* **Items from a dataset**

=== Begin Enclosure ===

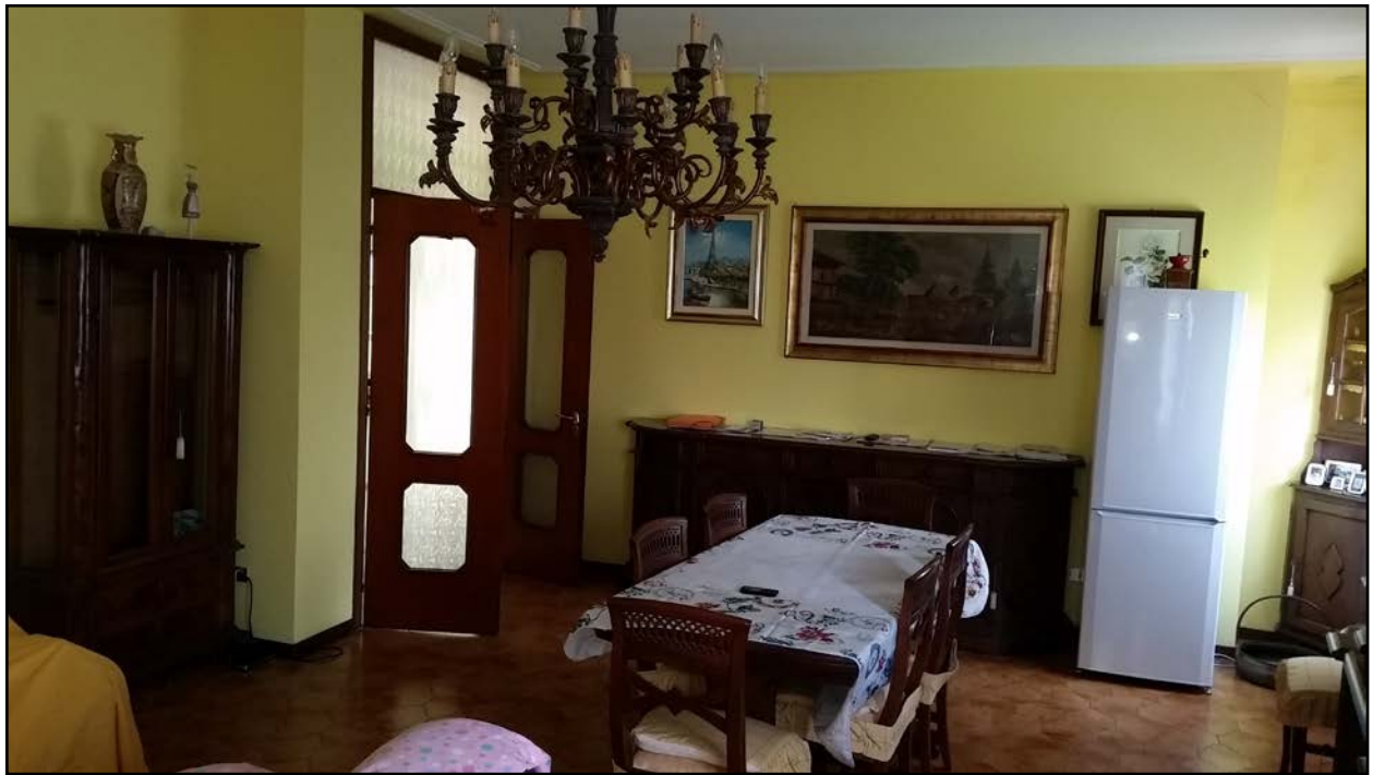
INTERNO - SOGGIORNO
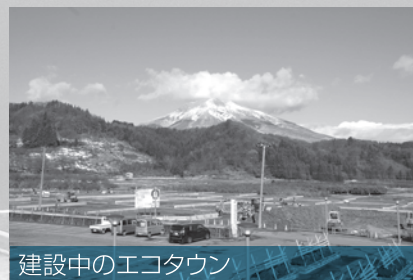
建設中のエコタウン

この試みが、国に認められ「バイオマス産業都市」の認定を受け、特に地方活性化の意義からも、この度の認定は重要であり、村の政策が国に認められたこととなります。
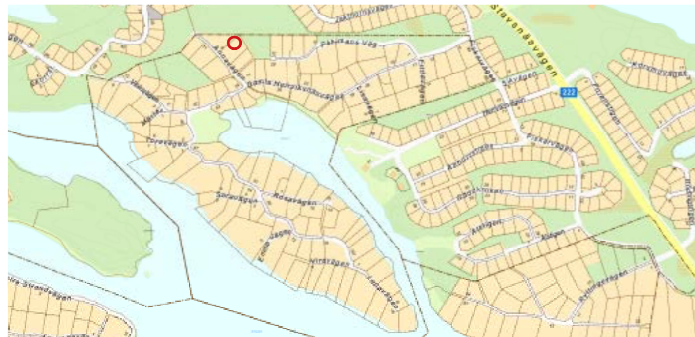
Figur 1. Ringen markerar ett instängt område inom planområdet för Herrviksnäs.

En ny detaljplan för Herrviksnäs innebär både för- och

=== End Enclosure ===

* **Directions for this task**
In the entries above, some lines hold the string "Herrviksnäs". Copy each of them.

* **Written answer**
Figur 1. Ringen markerar ett instängt område inom planområdet för Herrviksnäs.
En ny detaljplan för Herrviksnäs innebär både för- och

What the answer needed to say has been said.